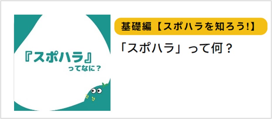 JSPOはじめスポーツ団体における「NO!スポハラ」活動に関連した取り組みを特設Webサイトで紹介します。指導者の方向けの研修会をはじめ、一般の方にも参加いただける研修会等も随時公開していきます。その他、アスリートによるリレーメッセージやSNSの投稿キャンペーン(ハッシュタグ 「#noスポハラ」)などの開催も予定しております。
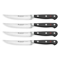 The handles of the knives in this set are genuine plum wood with the iconic Wusthof triple-rivet design, and the grain and pattern of each handle is unique.
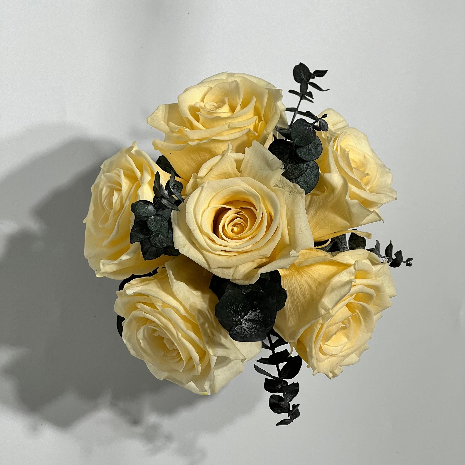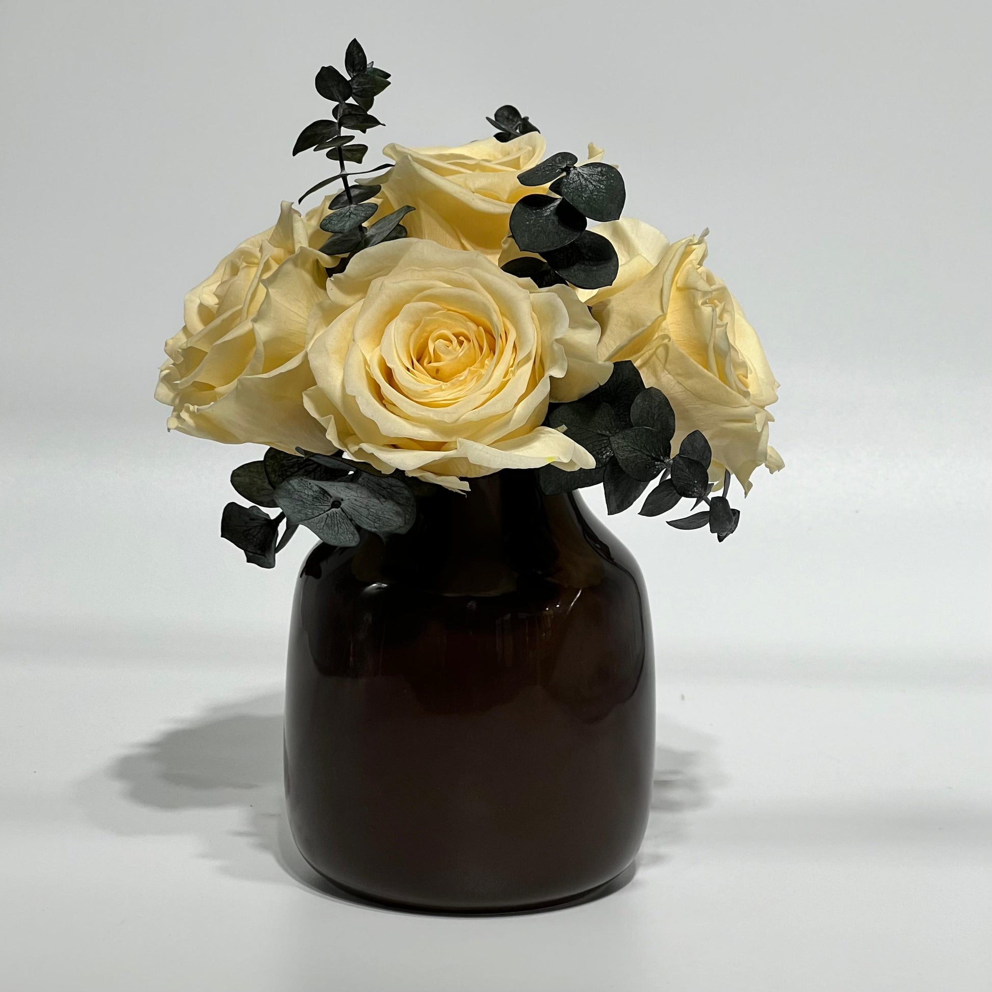 Arriving in this stunning white vase, you’ll find 5 perfectly bloomed, real roses in authentically beautiful, Champagne. The ultimate in classic romance, the mint rose defies nature with its strikingly magical mint pigment, which you can enjoy and admire for a whole year.
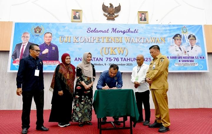 Hal tersebut disampaikan Kepala Dinas Komunikasi dan Informatika (Kominfo) Sumut, Erwin Hotmansah Harahap, saat mewakili Gubernur Sumut Bobby Nasution pada Uji Kompetensi Wartawan (UKW) yang diselenggarakan Persatuan Wartawan Indonesia (PWI) di Hotel Madani, Medan, Selasa (9/12/2025).
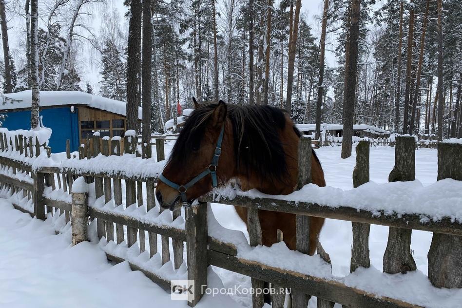 На нижнюю площадку, о которой столько раз упоминалось, мы отправились на снегоходе. Он в «Берёзке» является служебным транспортом. С ветерком довёз директор до заборчика, за которым… живут лошадка и два пони:
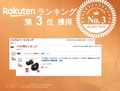 バイク用 ハンドルカバー ハンドルウォーマー ネオプレーン ポケット 反射ストラップ付き 防寒 防水 防風対策 汎用
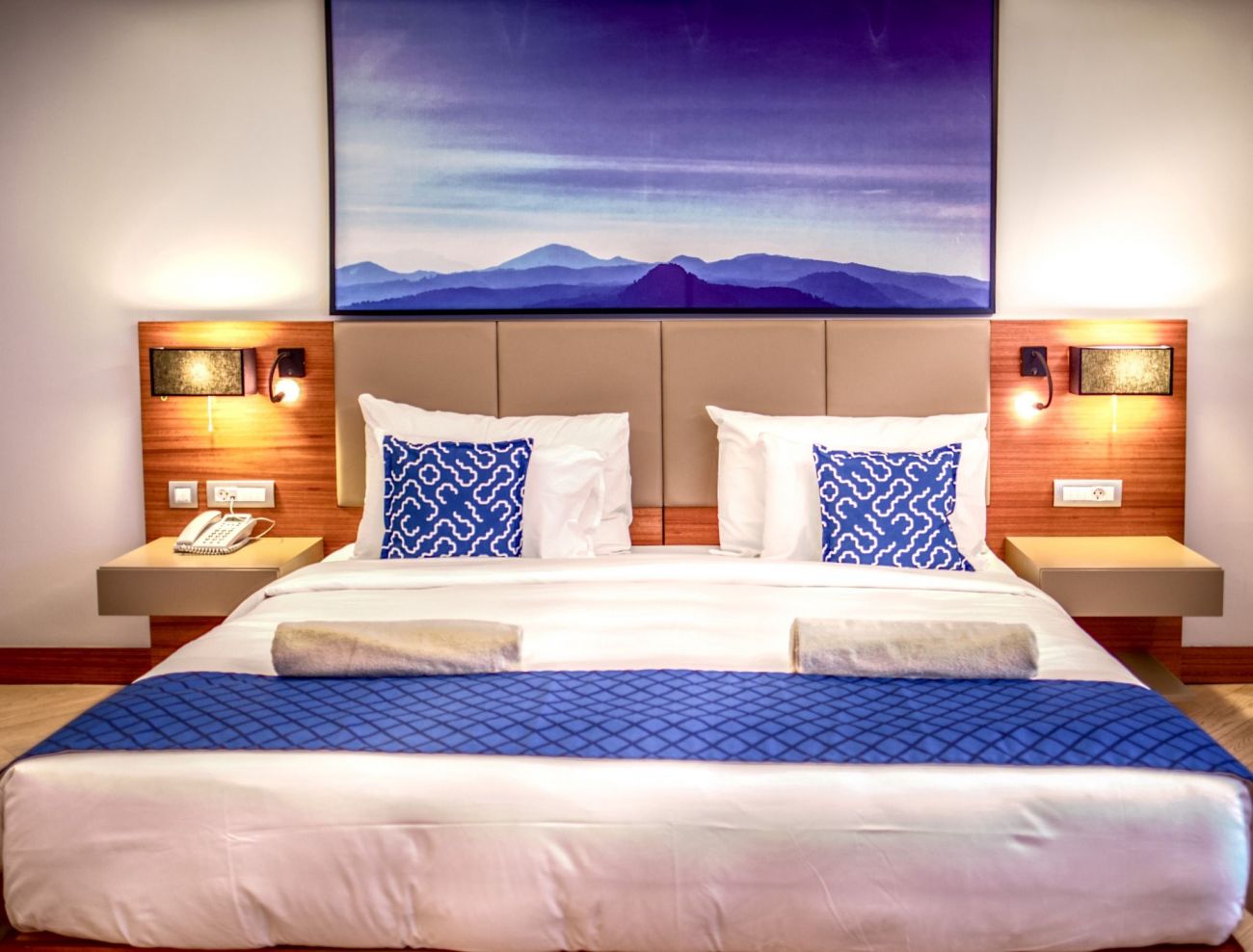 Хотелът разполага общо с 324 стаи, всички оборудвани с климатик, телевизор, телефон, сет за чай/кафе, баня с душ, сешоар, сейф (платен), интернет (платен), балкон. Почистване на стаите - всеки ден, смяна на спалното бельо и кърпите - 3 пъти в седмицата.

Task to complete - Where pictures sit among the data above, omit them, and output the rest exactly.

Result -
 JSPOはじめスポーツ団体における「NO!スポハラ」活動に関連した取り組みを特設Webサイトで紹介します。指導者の方向けの研修会をはじめ、一般の方にも参加いただける研修会等も随時公開していきます。その他、アスリートによるリレーメッセージやSNSの投稿キャンペーン(ハッシュタグ 「#noスポハラ」)などの開催も予定しております。
 The handles of the knives in this set are genuine plum wood with the iconic Wusthof triple-rivet design, and the grain and pattern of each handle is unique.
 Arriving in this stunning white vase, you’ll find 5 perfectly bloomed, real roses in authentically beautiful, Champagne. The ultimate in classic romance, the mint rose defies nature with its strikingly magical mint pigment, which you can enjoy and admire for a whole year.
 Hal tersebut disampaikan Kepala Dinas Komunikasi dan Informatika (Kominfo) Sumut, Erwin Hotmansah Harahap, saat mewakili Gubernur Sumut Bobby Nasution pada Uji Kompetensi Wartawan (UKW) yang diselenggarakan Persatuan Wartawan Indonesia (PWI) di Hotel Madani, Medan, Selasa (9/12/2025).
 На нижнюю площадку, о которой столько раз упоминалось, мы отправились на снегоходе. Он в «Берёзке» является служебным транспортом. С ветерком довёз директор до заборчика, за которым… живут лошадка и два пони:
 バイク用 ハンドルカバー ハンドルウォーマー ネオプレーン ポケット 反射ストラップ付き 防寒 防水 防風対策 汎用
 Хотелът разполага общо с 324 стаи, всички оборудвани с климатик, телевизор, телефон, сет за чай/кафе, баня с душ, сешоар, сейф (платен), интернет (платен), балкон. Почистване на стаите - всеки ден, смяна на спалното бельо и кърпите - 3 пъти в седмицата.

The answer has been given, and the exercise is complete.